BEGIN Data section

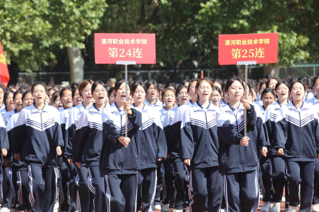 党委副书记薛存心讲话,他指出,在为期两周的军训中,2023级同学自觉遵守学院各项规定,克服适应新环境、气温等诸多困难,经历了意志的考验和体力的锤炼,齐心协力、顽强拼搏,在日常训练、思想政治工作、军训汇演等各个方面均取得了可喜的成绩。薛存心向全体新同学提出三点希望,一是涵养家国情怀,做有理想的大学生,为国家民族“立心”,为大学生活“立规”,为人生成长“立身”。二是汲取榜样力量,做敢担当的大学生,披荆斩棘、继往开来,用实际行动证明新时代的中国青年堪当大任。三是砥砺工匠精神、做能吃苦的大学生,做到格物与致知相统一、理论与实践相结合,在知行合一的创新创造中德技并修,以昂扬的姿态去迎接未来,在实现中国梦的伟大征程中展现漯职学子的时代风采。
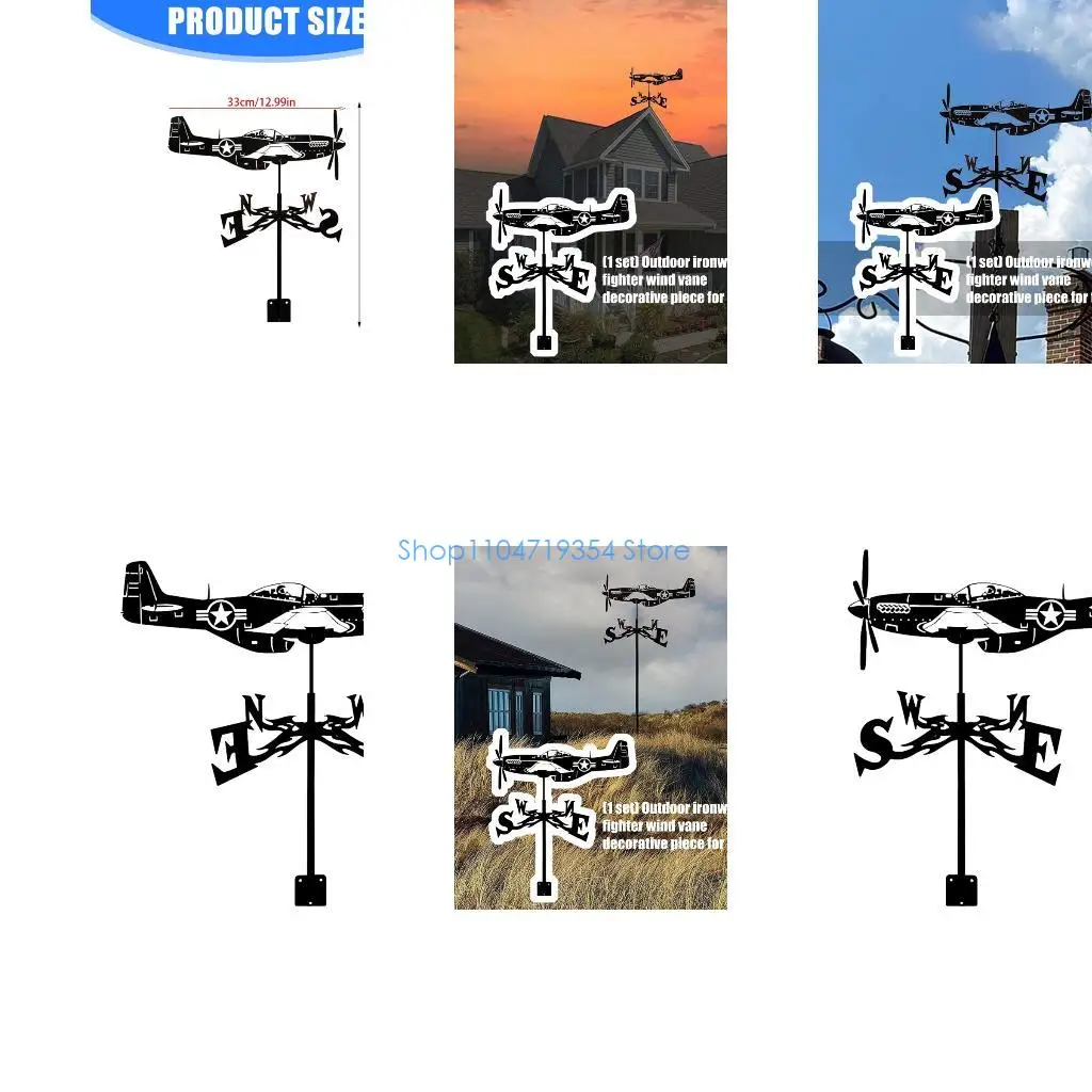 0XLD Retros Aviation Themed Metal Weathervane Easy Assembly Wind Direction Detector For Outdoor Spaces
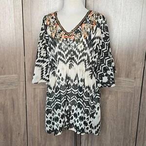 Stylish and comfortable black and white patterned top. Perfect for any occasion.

END Data section

What the exercise asks: Without including any picture, write out the material above exactly.

Result of this task:
 党委副书记薛存心讲话,他指出,在为期两周的军训中,2023级同学自觉遵守学院各项规定,克服适应新环境、气温等诸多困难,经历了意志的考验和体力的锤炼,齐心协力、顽强拼搏,在日常训练、思想政治工作、军训汇演等各个方面均取得了可喜的成绩。薛存心向全体新同学提出三点希望,一是涵养家国情怀,做有理想的大学生,为国家民族“立心”,为大学生活“立规”,为人生成长“立身”。二是汲取榜样力量,做敢担当的大学生,披荆斩棘、继往开来,用实际行动证明新时代的中国青年堪当大任。三是砥砺工匠精神、做能吃苦的大学生,做到格物与致知相统一、理论与实践相结合,在知行合一的创新创造中德技并修,以昂扬的姿态去迎接未来,在实现中国梦的伟大征程中展现漯职学子的时代风采。
 0XLD Retros Aviation Themed Metal Weathervane Easy Assembly Wind Direction Detector For Outdoor Spaces
 Stylish and comfortable black and white patterned top. Perfect for any occasion.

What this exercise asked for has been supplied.